Demand tasks

  • Release version: Australia
  • Updated June 22, 2026
  • 2 minutes to read
  • Demand tasks are units of work within a demand that help you plan and organize initial activities before converting the demand into a work entity such as a product, feature, or enhancement.

    Demand task overview

    Demand tasks enable you to organize and track early-stage planning activities within the demand record before you convert a demand into a work entity such as a feature, product, or enhancement. Unlike project tasks, which track execution and drive project completion dates, demand tasks focus on planning and preparation. This fundamental difference shapes what demand tasks can do and how you use them.

    Examples of demand tasks include:

    • Gathering and documenting requirements from stakeholders
    • Conducting design or architecture reviews
    • Validating technical feasibility or dependencies
    • Completing business case analysis or ROI assessment
    • Conducting security, compliance, or impact assessments
    • Assigning resources for discovery or planning phases

    Demand tasks aren't appropriate for execution work. After the demand is approved and converted into a work entity such as a project or feature, execution work moves into project tasks.

    Assigning resources and tracking effort

    You can assign resources to demand tasks using the standard assignment fields. Resources assigned to demand tasks can submit time spent on them using a time card, enabling you to track actual effort and cost during the planning phase.

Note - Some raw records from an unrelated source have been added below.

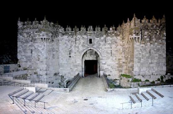 Photos: Old City; Jerusalem at night; Damascus Gate; © Sean Quigley 2006
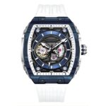 Integra reloj automático con mecanismo sin batería, caja de geometría cuadrada, correa de Silicona, material de cristal policarbonato, resistencia al agua 3 ATM, ideal para uso diario con estilo masculino moderno.
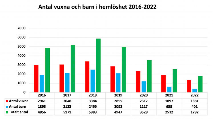 Antalet hemlösa personer i Malmö fortsätter att minska. Allra mest minskar den strukturella hemlösheten, men även den sociala hemlösheten minskar. Barn i hemlösa hushåll har minskat med 37 procent.

    Resource assignments on demand tasks aren't transferred to the work entity created from that demand. If you later convert the demand into a project or work item, you must reassign resources in the new work entity. Similarly, the time and cost tracked on demand tasks remain within the demand record and don't transfer to the resulting work entity.

    The actual cost for the demand task effort is derived from the hourly resource rate defined in the rate model, default labor rate, or default system property. The actual cost and effort for all demand tasks roll up to the associated demand. For more information, see Actual cost and effort calculations for demands.

    Differences from project tasks

    Because demand tasks are used for early-stage planning and not execution tracking so they don't support some features that project tasks do:
    • Planned dates, actual dates, and original dates aren't supported in demand tasks.
    • The due date indicates when the task is targeted for completion and doesn't affect the demand workflow. Project tasks affect project completion dates when planned dates and actual dates are changed.
    • Nested demand tasks aren't supported.
    • Task constraints such as Start ASAP and Start on a specific date aren't supported.
    • Execution types such as Agile, Waterfall, or Hybrid aren't supported.